I’ve said it before, and I’ll say it again: The worst part about insomnia is not the lack of sleep (although that is frustrating and debilitating in its own way), it’s not the fact that you get tired and suddenly wake up as soon as your head hits the pillow. The worst part about insomnia is the fact that when you’re up at 1am—or later—it really seems like there’s no one else out there awake, and the one thing you really want to know is that there’s someone else up, sharing your burden. But unfortunately, the middle of the night is that weird in-between time when it’s too late for my West Coast friends and too early for my East Coast friends.

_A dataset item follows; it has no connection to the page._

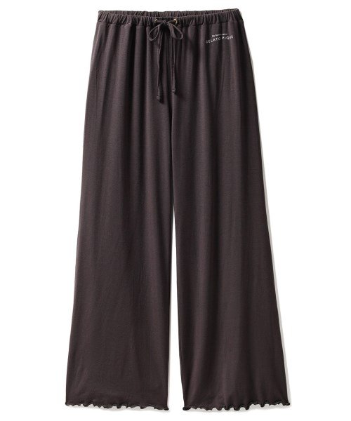 とろとろと肌へ落ちる、柔らかなレーヨン素材のロングパンツ。フロントにあしらったロゴプリントは、マニッシュな雰囲気を漂わせます。波打つメロー始末のヘムで、甘いムードもプラス。リラックスしつつも、広がり過ぎないシルエットでラフさをほどよく抑えます。

It’s not that I specifically try to stay up this late anymore, because there was a time when I did. I’m getting to that point where I appreciate having the 8+ hours of sleep under my belt, so to be asleep by midnight or 12:30am is stellar for me. But then I lay down in bed, close my eyes and my brain immediately shifts to warp speed, and I start thinking about all the things that I have to do for work, all the things taking place in my life, all the things I pray will work out and the all the things I’m pissed at myself for or frustrated or worried about.
Yet there’s no one to share them with. And it’s like that rant Lewis Black does about people saying stupid things to you—if you have someone there to share the stupid thing with, you laugh about what a dumb schmuck the person who said it was, and it’s gone. But if there’s no one there to share it with, the stupid thing goes in your ear and enters your brain, which immediately screams, “LET’S FIGURE IT OUT!” and devotes way too much processing power to it, and then your friends find you three days later passed out in your bathtub.
Sadly, I have no friends awake to share it with and let it all out of my head—all I have is my laptop and the warming glow it illuminates me with. And that will have to light my way to morning.